WHAT THE TASK ASKS.
Below this line is a listing that includes pictures. Copy exactly, and only, the lines from the one containing "On its own or" through the one containing "以下为软科中国大学专业排名中,公共事业管理专业前100名大学。"; the pictures do not go in the copy.

DATASET RECORDS.

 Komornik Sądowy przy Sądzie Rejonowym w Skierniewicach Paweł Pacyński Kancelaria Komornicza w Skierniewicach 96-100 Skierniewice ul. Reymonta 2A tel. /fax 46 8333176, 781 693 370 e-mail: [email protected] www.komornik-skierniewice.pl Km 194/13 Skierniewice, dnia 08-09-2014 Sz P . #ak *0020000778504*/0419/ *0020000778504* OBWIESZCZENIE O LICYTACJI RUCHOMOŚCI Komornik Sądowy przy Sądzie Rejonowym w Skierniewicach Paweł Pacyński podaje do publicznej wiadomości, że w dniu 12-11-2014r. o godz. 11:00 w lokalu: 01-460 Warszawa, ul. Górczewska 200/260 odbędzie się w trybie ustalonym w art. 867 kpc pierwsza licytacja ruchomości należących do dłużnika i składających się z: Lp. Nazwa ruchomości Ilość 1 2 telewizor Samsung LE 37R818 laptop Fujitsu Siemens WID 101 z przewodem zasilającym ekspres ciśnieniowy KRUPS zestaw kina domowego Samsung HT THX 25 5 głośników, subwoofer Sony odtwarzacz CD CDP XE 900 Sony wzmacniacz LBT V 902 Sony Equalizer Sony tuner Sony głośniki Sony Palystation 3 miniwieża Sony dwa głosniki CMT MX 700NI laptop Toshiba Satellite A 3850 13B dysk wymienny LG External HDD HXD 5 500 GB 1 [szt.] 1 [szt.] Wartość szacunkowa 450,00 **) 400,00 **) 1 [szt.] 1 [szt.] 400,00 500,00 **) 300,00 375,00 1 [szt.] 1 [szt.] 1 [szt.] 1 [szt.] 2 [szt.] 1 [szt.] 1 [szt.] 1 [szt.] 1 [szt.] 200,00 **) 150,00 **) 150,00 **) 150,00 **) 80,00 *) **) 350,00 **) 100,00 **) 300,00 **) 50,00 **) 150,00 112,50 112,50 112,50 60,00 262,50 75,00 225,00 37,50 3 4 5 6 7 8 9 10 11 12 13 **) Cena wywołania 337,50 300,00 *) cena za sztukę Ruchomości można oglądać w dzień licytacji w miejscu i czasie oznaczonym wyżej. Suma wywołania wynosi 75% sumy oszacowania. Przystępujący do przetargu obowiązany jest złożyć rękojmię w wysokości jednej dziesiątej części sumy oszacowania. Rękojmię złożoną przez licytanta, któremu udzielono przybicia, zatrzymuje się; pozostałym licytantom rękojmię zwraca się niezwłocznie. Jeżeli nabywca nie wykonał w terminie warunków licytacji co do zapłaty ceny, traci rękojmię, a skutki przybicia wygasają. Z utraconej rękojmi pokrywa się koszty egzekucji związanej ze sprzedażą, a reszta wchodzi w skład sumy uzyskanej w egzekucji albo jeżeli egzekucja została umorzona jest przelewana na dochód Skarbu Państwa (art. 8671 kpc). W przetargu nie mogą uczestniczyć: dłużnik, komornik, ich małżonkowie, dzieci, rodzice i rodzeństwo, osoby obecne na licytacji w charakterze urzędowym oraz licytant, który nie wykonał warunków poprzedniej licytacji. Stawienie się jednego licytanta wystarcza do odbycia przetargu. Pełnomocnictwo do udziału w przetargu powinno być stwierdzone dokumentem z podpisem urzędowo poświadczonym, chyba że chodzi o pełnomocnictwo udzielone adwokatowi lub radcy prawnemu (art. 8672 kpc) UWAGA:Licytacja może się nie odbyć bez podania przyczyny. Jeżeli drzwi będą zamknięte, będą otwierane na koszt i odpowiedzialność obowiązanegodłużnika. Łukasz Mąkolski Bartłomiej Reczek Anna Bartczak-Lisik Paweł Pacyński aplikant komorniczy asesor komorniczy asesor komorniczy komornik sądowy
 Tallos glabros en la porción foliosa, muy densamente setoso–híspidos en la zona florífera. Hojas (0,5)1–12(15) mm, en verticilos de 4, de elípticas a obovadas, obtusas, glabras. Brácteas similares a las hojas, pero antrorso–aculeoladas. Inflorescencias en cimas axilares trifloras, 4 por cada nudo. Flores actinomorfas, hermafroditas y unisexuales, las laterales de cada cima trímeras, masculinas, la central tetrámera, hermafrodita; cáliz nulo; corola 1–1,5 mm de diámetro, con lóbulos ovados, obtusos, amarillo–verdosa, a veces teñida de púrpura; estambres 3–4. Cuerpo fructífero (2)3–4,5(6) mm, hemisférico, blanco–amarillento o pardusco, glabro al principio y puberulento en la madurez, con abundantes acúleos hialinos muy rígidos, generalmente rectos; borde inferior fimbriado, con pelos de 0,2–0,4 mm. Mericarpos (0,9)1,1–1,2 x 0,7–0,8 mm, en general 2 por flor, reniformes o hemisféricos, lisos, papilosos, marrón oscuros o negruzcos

--

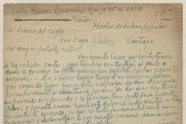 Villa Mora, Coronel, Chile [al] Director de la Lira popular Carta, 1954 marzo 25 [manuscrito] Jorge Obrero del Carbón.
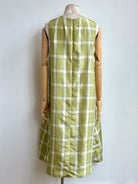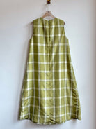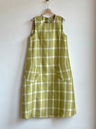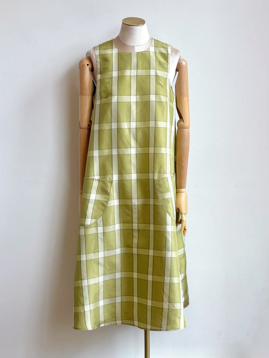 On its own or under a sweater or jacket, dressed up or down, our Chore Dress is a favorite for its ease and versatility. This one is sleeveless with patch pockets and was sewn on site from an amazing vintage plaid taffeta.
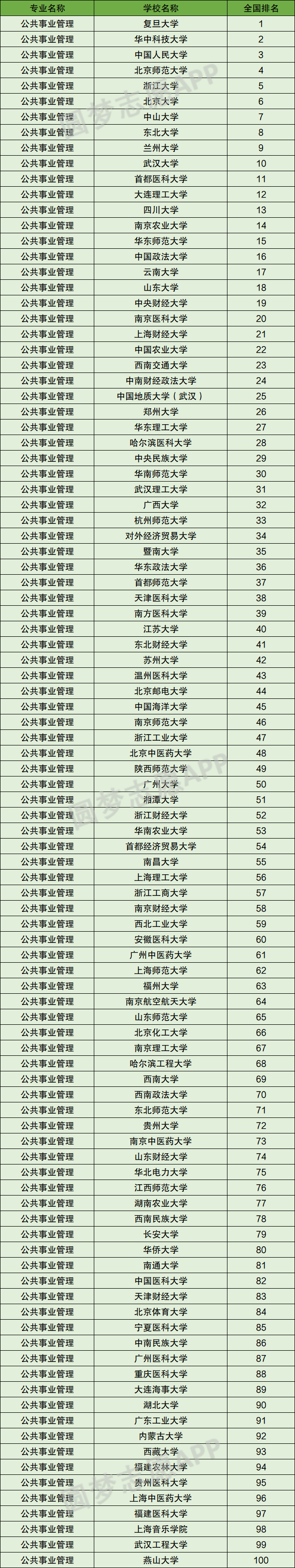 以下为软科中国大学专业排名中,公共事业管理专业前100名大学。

WRITTEN RESPONSE.
 On its own or under a sweater or jacket, dressed up or down, our Chore Dress is a favorite for its ease and versatility. This one is sleeveless with patch pockets and was sewn on site from an amazing vintage plaid taffeta.
 以下为软科中国大学专业排名中,公共事业管理专业前100名大学。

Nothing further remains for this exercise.